Ahead of His CFDA Award, Curator Andrew Bolton Talks About What Makes a Modern Fashion Exhibition
Designers and forecasters aren’t the only ones who set trends. Many of the exhibitions Andrew Bolton has put-together at the Anna Wintour Costume Institute have had a visible ripple-effect on fashion. Sometimes that influence is physically reflected in garments. Perhaps more lasting is the way exhibitions like “Manus ex Machina” or “Camp” have introduced new filters through which we can better understand what comes down the runway or the craftsmanship that goes into its making. Now marking his 20th year at the Met, the brainy, Thom Browne-clad Bolton will receive the CFDA’s Founder’s Award in honor of Eleanor Lambert. It’s a fitting tribute. Known as the “Empress of Seventh Avenue,” Lambert not only launched the CFDA in 1962, but supported the Costume Institute from the beginning.
On the eve of the awards ceremony, Bolton took time to speak with Vogue about the considerations that go into making a modern fashion exhibition—including the museum’s much anticipated upcoming show, “Karl Lagerfeld: A Line of Beauty.”
Timeliness
People always say, ‘What does it take to do a blockbuster show?’ We never set out to do blockbuster exhibitions, we set out to come up with an exhibition that is timely and relevant. I think visitors make the blockbuster, not the curator. Timeliness is something that we are always thinking about, and also trying to make people think differently about the theme. So even if they have some preconceived ideas, to challenge those expectations and deepen people’s understanding of the theme, but also of the clothes themselves.
Narratives
I always believe in narratives—both a visual narrative and a conceptual narrative—so one of the things I also try to do is marry those parts in an exhibition. I think it’s important that people can understand what the concept is immediately, just visually, because I think if you lose the audience visually, they’re not going to engage any deeper into the subject matter.
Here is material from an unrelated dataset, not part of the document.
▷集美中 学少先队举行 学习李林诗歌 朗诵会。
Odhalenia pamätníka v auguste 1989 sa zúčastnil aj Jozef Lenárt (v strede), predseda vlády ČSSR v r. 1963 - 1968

We do monographic exhibitions, but even with [those] I don’t tend to gravitate towards a retrospective that’s chronologically structured; I’m much more interested in doing an essay on a particular designer. Part of that is time; we don’t have the time to do a really in-depth sort of chronological retrospective, but it’s more the fact that I much prefer to do a really focused essay on a designer. So with the case of McQueen, it was his engagement with the concept of the sublime and romanticism; with Rei Kawakubo it is about how she operates in this in-between space; and with Karl Lagerfeld, it’s this idea of the line of beauty and his design process, but also again how he reconciles dualities in his work.